Режущий Бивень садится на землю. Ноги не держат его.
Духам «нравятся оргии». А шаману нравится Маковый Лепесток. Девочка Маковый Лепесток! Де-воч-ка!
Он думает о чём-то ещё, что-то злое, рассерженное, что-то внутри него думает, а он сам… где он сам? Кажется, ищет глазами эту самую девочку. Но находит старуху. Старуха Утка опять
****
След детёныша вёл в кустарник, в самую чащобу. Детёныш торопился, от кого-то убегая, и на нижних колючих ветках часто попадались длинные спутанные нити шерсти мамонтёнка.

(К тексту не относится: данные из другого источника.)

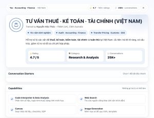 Trong bối cảnh môi trường kinh doanh và các quy định pháp luật tại Việt Nam liên tục thay đổi, việc tuân thủ và tối ưu hóa chi phí thuế – kế toán là bài toán khó với nhiều doanh nghiệp. Để giải quyết vấn đề này, trợ lý AI “Tư Vấn Thuế – Kế Toán – Tài Chính (Việt Nam)” đã ra đời, trở thành “cánh tay phải” đắc lực cho các kế toán viên, giám đốc tài chính (CFO) và chủ doanh nghiệp.
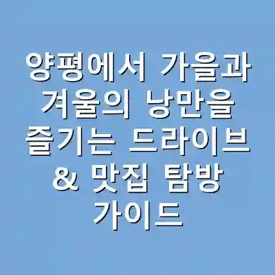 양평은 가을과 겨울에 드라이브와 맛집 탐방을 즐기기 좋은 장소입니다. 두물머리와 북한강 둘레길 같은 아름다운 자연 경관과 함께, 전통 한정식과 지역 특산물로 만든 요리를 경험할 수 있습니다. 준비물을 체크하고 안전한 여행을 즐기시기 바랍니다.

Мамонт – плохой следопыт, нет у него такого опыта, не приходилось раньше выслеживать. Разве что большие деревья может он выследить да зелёную траву. Но те не оставляют следов внизу, тех надо учуять поверху, а тут мамонту пришлось уткнуться хоботом в землю и нюхать, нюхать, нюхать. Даже пихать хобот в рот, чтоб лучше чуять. Нужда заставит. Ведь он умеет выслеживать воду, когда та уходит под землю и прячется на глубине. Детёныш тоже куда-то ушёл и спрятался от него. Не откликается на зовы, как должны делать мамонты, чтобы их легко могли отыскать. Но детёныш затаился, подобно воде под землёй в сильную засуху. Но воду мамонт уже нашёл, очень много воды. Найдёт и детёныша. Он знал, что найдёт. Ни за что не отступит. Он взял след и упорно двигался по этому следу, не взирая на любые препятствия.
Вскоре след детёныша пересекли следы большого медведя. Хищник остановился и долго обнюхивал отпечатки ног малыша, а потом двинулся следом. Двойной Лоб, обнаружив погоню за детёнышем, яростно затрубил, грозя страшными карами невидимому врагу, и стремительно бросился вперёд, тараня кусты и украшая их теперь уже длинной шерстью со своих боков. Однако спешка сбила его со следа. Было заметно, что по кустарнику шныряли куропатки, и сейчас где-то неподалёку кудахтавшие, также витал запах поднимавшегося от реки хорошо напившегося тяжёлого кабана, ещё лисица недавно шмыгнула под пологом веток в погоне за юрким зайцем, оставил пучок острых иголок крохотный ушастый ёжик, проползла, извиваясь, степная гадюка – все оставляли после себя отметины на земле и на ветках, но след детёныша исчез. Также как и след преследовавшего его медведя.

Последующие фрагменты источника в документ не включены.